Breach of Contract

Breach of Contract

The basic rule is that parties to contracts must perform as specified in the contract unless (1) the parties agree to the change in the contract's terms, or (2) the actions of the party who deviates from the terms of the contract are implicitly accepted ("ratified") by the action or non-action of the other party.

If there is no acceptance of deviation from the terms of the contract, and the deviation is serious enough to make any real difference in the intended result of the contract, then the deviating party is said to have breached the contract. His justified prevention or interference with the performance of the other party is also a breach.

Of course if one party fails more or less entirely to perform the contract, or totally prevents the performance of the contract by the other party, the situation is straightforward. The situation becomes more complex where the argument is over the quality of materials, the timing of work, or something of that sort.

Breach of contract leaves the nonperforming or improperly performing party open to a claim for damages by the other party. The non-breaching party is relieved of his obligations under the contract by the other party's breach.

The aggrieved party, to help support his claim for breach, should have done all the things required of him under the contract up until the time of breach, and must have done nothing to make it impossible or unreasonably difficult for the other party to perform his share. The nonperforming party can be expected to make excuses for his conduct, and he will try to find ways to blame the other party--an excellent argument for performing one's own side of a contract punctiliously and in a manner that leaves a record which others can see.

There are so many possible ways for performance of a contract to give rise to dissatisfaction that the courts have been forced to analyze the matter in much more subtle terms than "breached" or "not breached."

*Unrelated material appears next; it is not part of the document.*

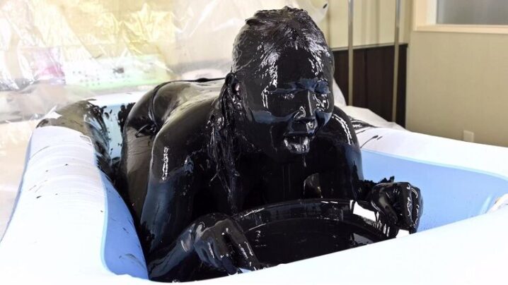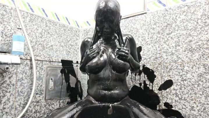 ローラーでペイントを塗られて身体が真っ黒になった女の子ww
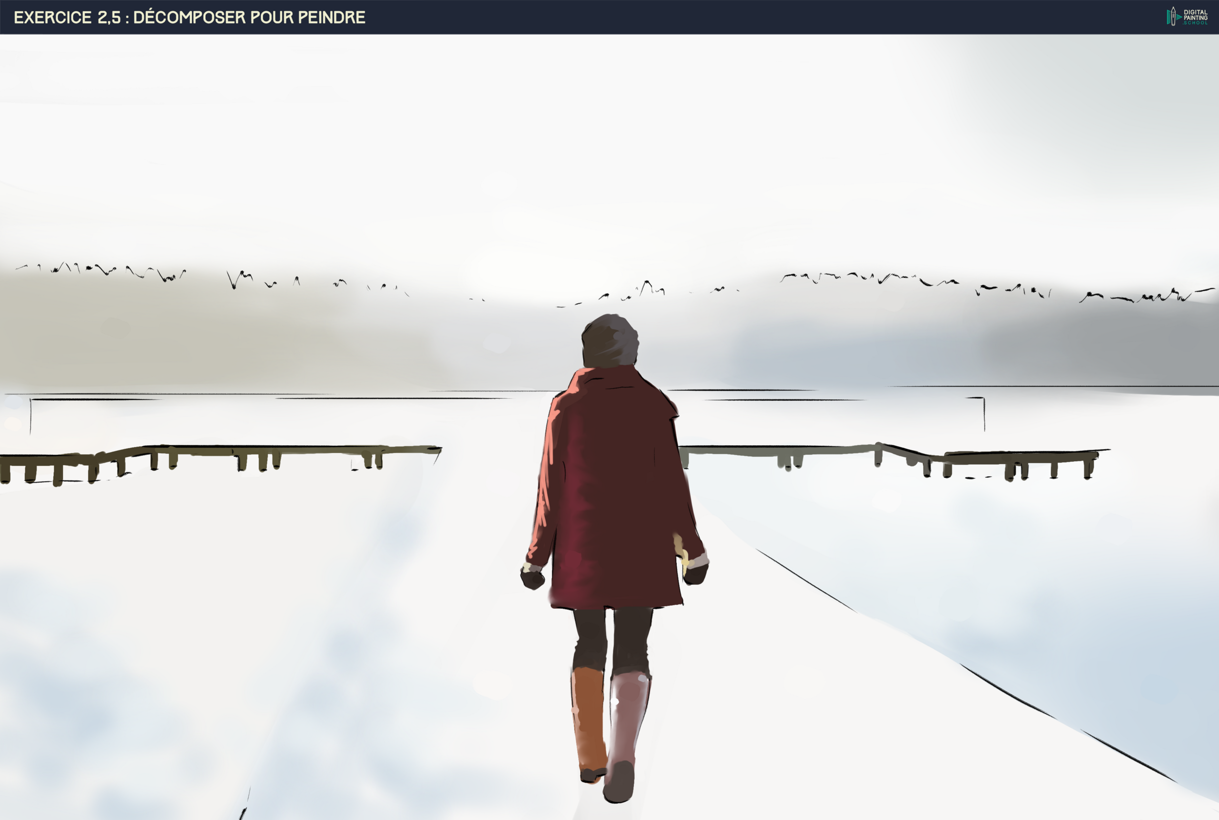 Je pense que j’arrive bientôt au bout. j’ai fais les ajustements que je voulais sur la couleur et les lumières, j’ai rajouté les bébés (la silhouette du deuxième ne me plaît pas, je vais la refaire). je réfléchi à rajouter un objet devant le bébé de gauche pour accentuer son côté curieux que j’ai essayé de donner, à voir. On est vraiment à 95% du résultat final là je pense -

The doctrine of "substantial performance" saves a party who has largely fulfilled his obligations under a contract from suffering major loss merely because he has unintentionally fallen short in some particular which does not affect the essence of the contract.

There has to be a limit to the quibbles of the dissatisfied customer, for example, or the courts would be swamped with trials over precise shades of paint and tiny imperfections in services. A party can unintentionally fall short of perfection, but if he has substantially performed his duties under the contract, he can still sue the other party for payment.

The dissatisfied party, on the other hand, can usually win some adjustment in the amount of payment as compensation for the minor defects in the performance.

Where a party's unintentional failure to perform fully does affect the essence of the contract, he cannot sue the other party "on the contract" in order to be paid. To the extent that his work has benefited the other party, he may recover on the theory of a contract implied by law (quasi-contract), as explained above.